**What is required:** Take the records below and set down exactly the lines from the one with "- Com a árvore" to the one with "Zu Beginn war", ends included; do not copy the pictures.

Start of The records

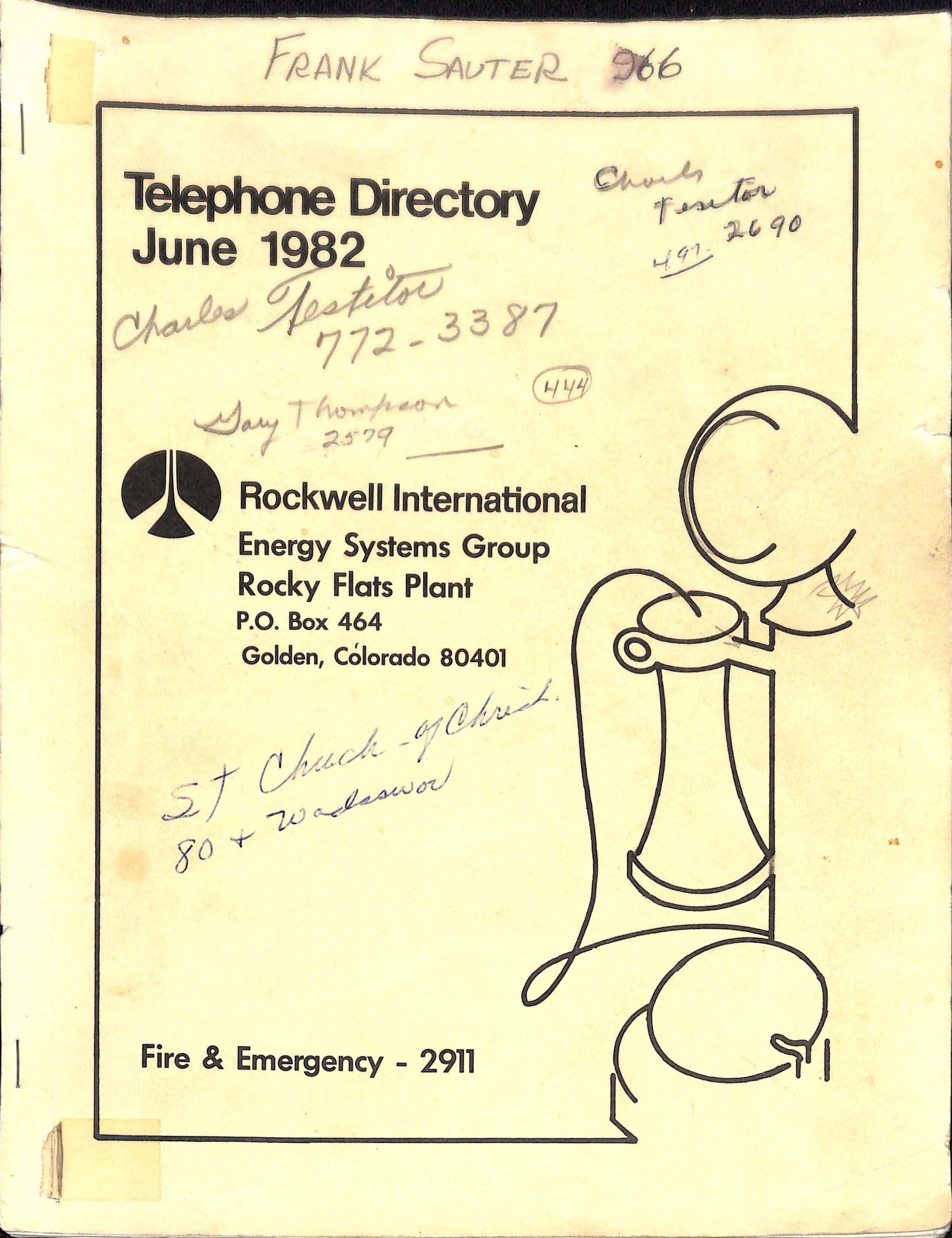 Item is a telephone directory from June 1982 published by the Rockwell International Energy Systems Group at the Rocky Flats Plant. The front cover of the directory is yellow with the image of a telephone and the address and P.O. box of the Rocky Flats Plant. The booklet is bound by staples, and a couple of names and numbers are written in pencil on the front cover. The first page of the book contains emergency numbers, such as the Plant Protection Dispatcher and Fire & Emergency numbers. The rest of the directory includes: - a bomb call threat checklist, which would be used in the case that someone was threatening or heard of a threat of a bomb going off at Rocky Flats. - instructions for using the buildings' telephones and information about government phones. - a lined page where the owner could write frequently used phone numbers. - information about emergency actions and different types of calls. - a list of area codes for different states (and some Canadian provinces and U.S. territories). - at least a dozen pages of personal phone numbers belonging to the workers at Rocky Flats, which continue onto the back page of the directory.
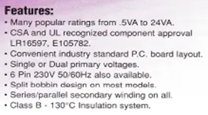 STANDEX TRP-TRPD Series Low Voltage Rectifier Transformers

End of The records
Start of The records

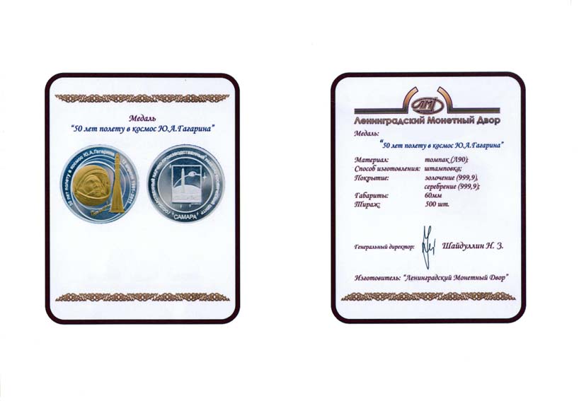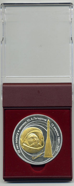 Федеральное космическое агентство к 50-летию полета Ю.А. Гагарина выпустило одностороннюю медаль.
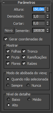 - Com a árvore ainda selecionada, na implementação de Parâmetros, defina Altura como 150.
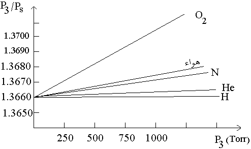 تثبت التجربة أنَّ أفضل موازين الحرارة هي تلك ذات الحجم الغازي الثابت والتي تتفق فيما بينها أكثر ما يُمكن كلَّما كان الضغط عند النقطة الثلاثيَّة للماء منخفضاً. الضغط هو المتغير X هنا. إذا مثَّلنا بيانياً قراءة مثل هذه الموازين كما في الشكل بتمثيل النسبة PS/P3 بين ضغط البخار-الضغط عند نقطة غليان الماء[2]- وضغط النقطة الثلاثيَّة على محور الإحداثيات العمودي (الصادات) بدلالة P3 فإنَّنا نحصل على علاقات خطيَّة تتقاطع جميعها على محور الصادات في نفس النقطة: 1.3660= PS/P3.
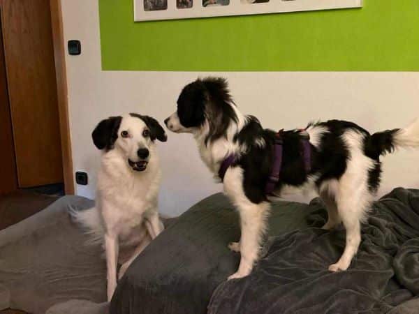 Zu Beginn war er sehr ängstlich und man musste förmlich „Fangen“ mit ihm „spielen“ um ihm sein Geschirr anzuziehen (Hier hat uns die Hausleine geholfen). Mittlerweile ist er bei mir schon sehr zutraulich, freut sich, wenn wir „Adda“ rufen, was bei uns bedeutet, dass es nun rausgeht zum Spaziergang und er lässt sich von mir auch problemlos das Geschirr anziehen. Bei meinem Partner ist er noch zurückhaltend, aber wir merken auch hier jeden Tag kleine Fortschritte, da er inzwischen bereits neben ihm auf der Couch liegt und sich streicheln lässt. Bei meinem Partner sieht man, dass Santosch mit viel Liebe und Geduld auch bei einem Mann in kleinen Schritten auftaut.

End of The records

**Answer:**
 - Com a árvore ainda selecionada, na implementação de Parâmetros, defina Altura como 150.
 تثبت التجربة أنَّ أفضل موازين الحرارة هي تلك ذات الحجم الغازي الثابت والتي تتفق فيما بينها أكثر ما يُمكن كلَّما كان الضغط عند النقطة الثلاثيَّة للماء منخفضاً. الضغط هو المتغير X هنا. إذا مثَّلنا بيانياً قراءة مثل هذه الموازين كما في الشكل بتمثيل النسبة PS/P3 بين ضغط البخار-الضغط عند نقطة غليان الماء[2]- وضغط النقطة الثلاثيَّة على محور الإحداثيات العمودي (الصادات) بدلالة P3 فإنَّنا نحصل على علاقات خطيَّة تتقاطع جميعها على محور الصادات في نفس النقطة: 1.3660= PS/P3.
 Zu Beginn war er sehr ängstlich und man musste förmlich „Fangen“ mit ihm „spielen“ um ihm sein Geschirr anzuziehen (Hier hat uns die Hausleine geholfen). Mittlerweile ist er bei mir schon sehr zutraulich, freut sich, wenn wir „Adda“ rufen, was bei uns bedeutet, dass es nun rausgeht zum Spaziergang und er lässt sich von mir auch problemlos das Geschirr anziehen. Bei meinem Partner ist er noch zurückhaltend, aber wir merken auch hier jeden Tag kleine Fortschritte, da er inzwischen bereits neben ihm auf der Couch liegt und sich streicheln lässt. Bei meinem Partner sieht man, dass Santosch mit viel Liebe und Geduld auch bei einem Mann in kleinen Schritten auftaut.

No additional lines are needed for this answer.